Eddi Amsel's self-portrait was more successful. In addition to the Renaissance desk and the Singer sewing machine, his equipment included a tall, narrow mirror, reaching up to the ceiling paneling, of the kind to be found in tailor shops and ballet schools. Before this responsive glass he sat in a self-tailored Party uniform -- among the SA uniforms he had found none capable of containing him -- and hung his full-figure likeness on a naked skeleton which, in the middle, as a sort of solar plexus, lodged a winding mechanism. In the end the authentic Amsel sat Buddhalike tailor fashion, appraising the constructed and still more authentic Party Comrade Amsel.
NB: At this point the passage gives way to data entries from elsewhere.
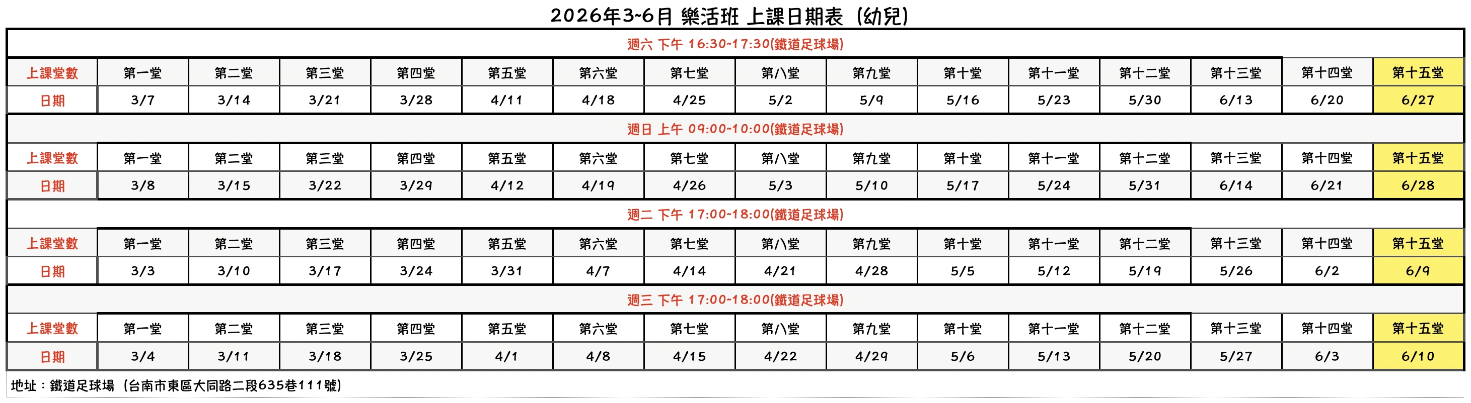 - 週六下午(週末班)16:30–17:30📍 上課地點:台南東區 鐵道足球場
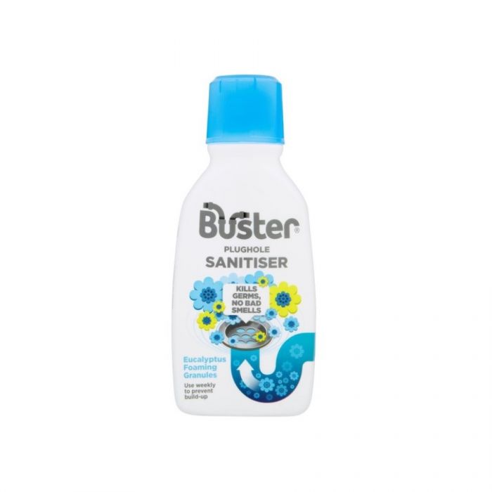 Buster Plughole Sanitiser Foaming Granules clean the plughole and surrounding area to freshen, kill germs and banish bad smells. The unique formula works in dishwashers, washing machines and waste disposals too, leaving them fresh and clean. Eucalyptus scent.
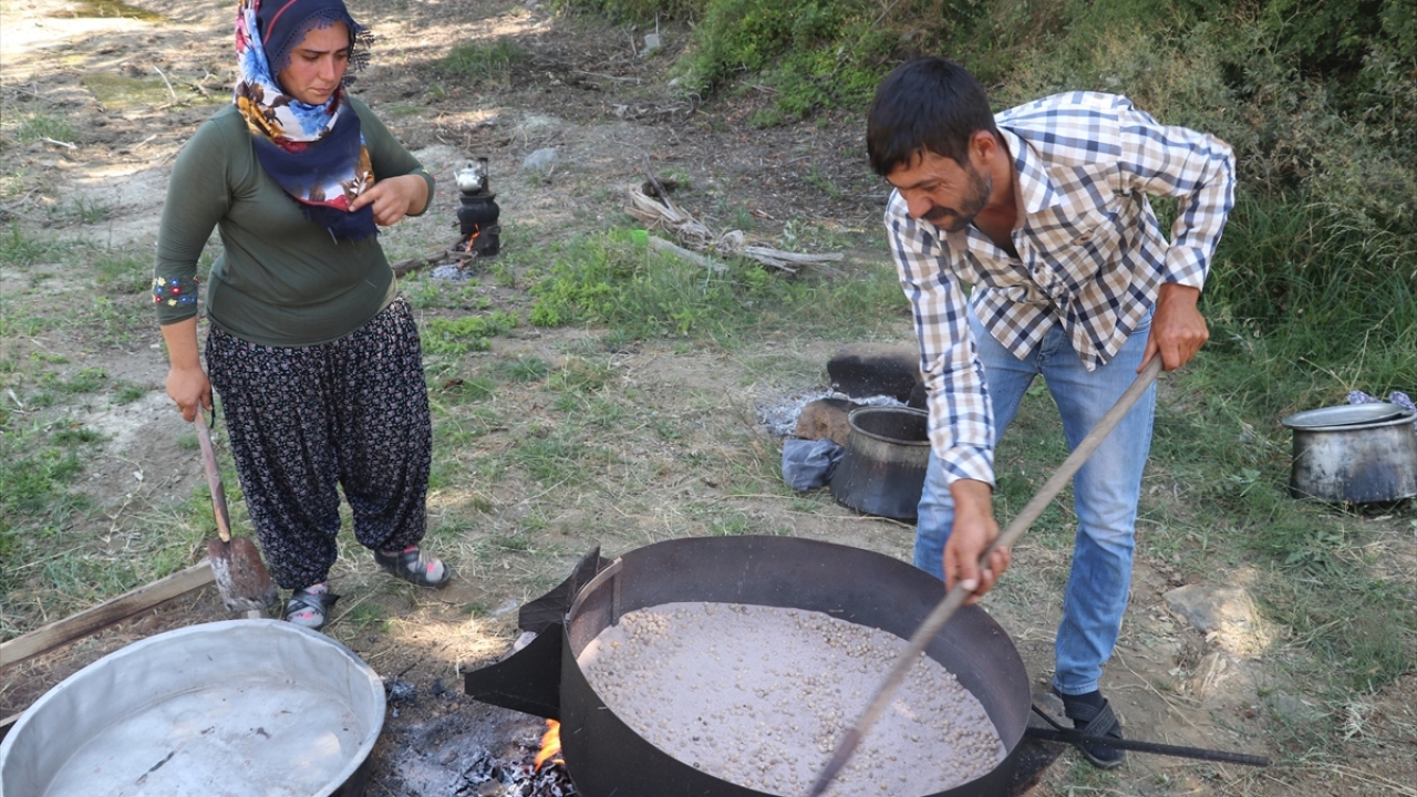 Ardından 9 numara elekten geçirilen nohutlar, yabancı maddelerden ve kırık olanlardan arındırılarak leblebi yapımı için meşe külü içeren tuzlu su içerisinde haşlanıyor.
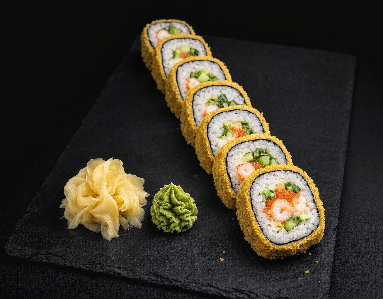 Цезарь с креветкой — ролл с креветками, огурцом и пармезаном, дополненный соусом цезарь. Лёгкий, свежий и сбалансированный вкус в оригинальном исполнении.
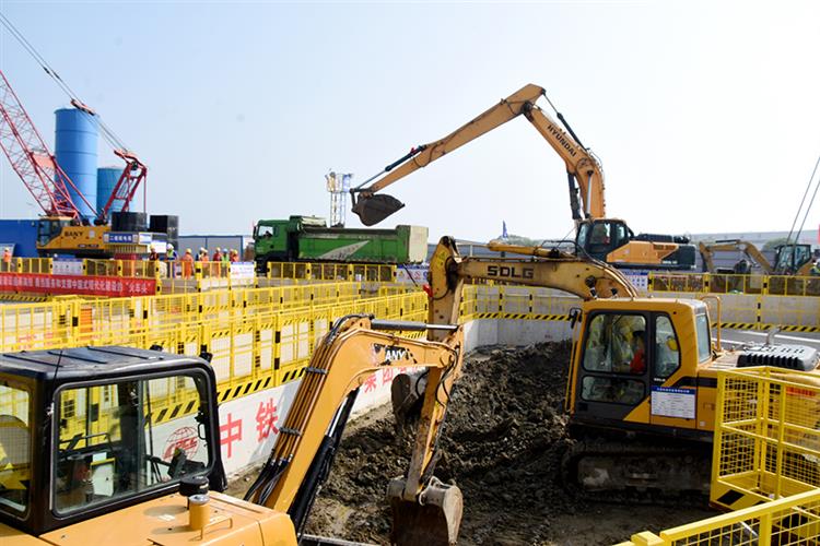 苏州东隧道进口明挖段基坑开挖施工现场。 上海铁路局供图

He stood blown up to capacity in burlap and Party brown. The shoulder strap circumscribed him like a tropic. Insignia of rank on his collar made him into a modest section chief. A pig's bladder, daringly simplified and daubed only with a few suggestive black strokes, supported, an excellent likeness, the section chief's cap. And then in the Party comrade's solar plexus the winding mechanism began to operate: the breeches came to attention. Starting at the belt buckle, the right rubber glove, full to bursting, moved jerkily, by remote control, to chest, then to shoulder level, presented first the straight-arm, then the bent-arm Party salute, returned sluggishly, just barely in time, for the mechanism was running down, to the belt buckle, gave a senile tremor or two and fell asleep. Eddi Amsel was in love with his new creation. At the narrow studio mirror he imitated the salute of his life-size facsimile: the Amsel quartet. Walter Matern, to whom Amsel displayed himself and the figure on the floor as well as the mirror images of himself and the figure, laughed, at first overloudly and then with embarrassment. Then he just stared in silence at Amsel, at the scarecrow, and at the mirror by turns. He stood in civilian clothes among four figures in uniform. The sight provoked the inborn grinding of his teeth. And grinding he gave it to be understood that he could take a joke but that too much was enough; Amsel should stop harping on one and the same theme; after all there were plenty of people in the SA and the Party as well who were seriously striving for an ideal, good guys and not just bastards.
Amsel replied that precisely this had been his artistic purpose, that he hadn't intended criticism of any kind, but merely wished, through his art, to create a hodgepodge of good guys and bastards, after the manner of life itself.
Thereupon he tinkered with a prefabricated frame until he had turned out a bullish-looking good guy: SA man Walter Matern. Tulla and I, who were peering from the night-black garden into the electrically lit up and oak-paneled studio, saw with round eyes how Walter Matern's uniformed likeness -- blood spots still bore witness to the brawl at the Kleinhammerpark -- bared the teeth of his photographed face with the help of a built-in mechanism and ground its mechanically moved teeth: yes, we only saw it -- but anyone who saw Walter Matern's teeth heard them too.
Tulla and I saw
how Walter Matern, who with his SA sturm had to do guard duty at a monster mass meeting on the snow-covered Maiwiese, caught sight of the uniformed Eddi Amsel in the crowd. Lobsack spoke. Greiser and Forster spoke. Snow was falling in big flakes, and the crowd shouted
Heil
so long that snowflakes slipped into the open mouths of the
Heil-
shouters. Party Comrade Eddi Amsel also shouted
Heil
and snapped after particularly large snowflakes, until SA man Walter Matern fished him out of the crowd and pushed him off the slushy field into Hindenburgallee. There he gave him hell and we thought in another minute he was going to slug him.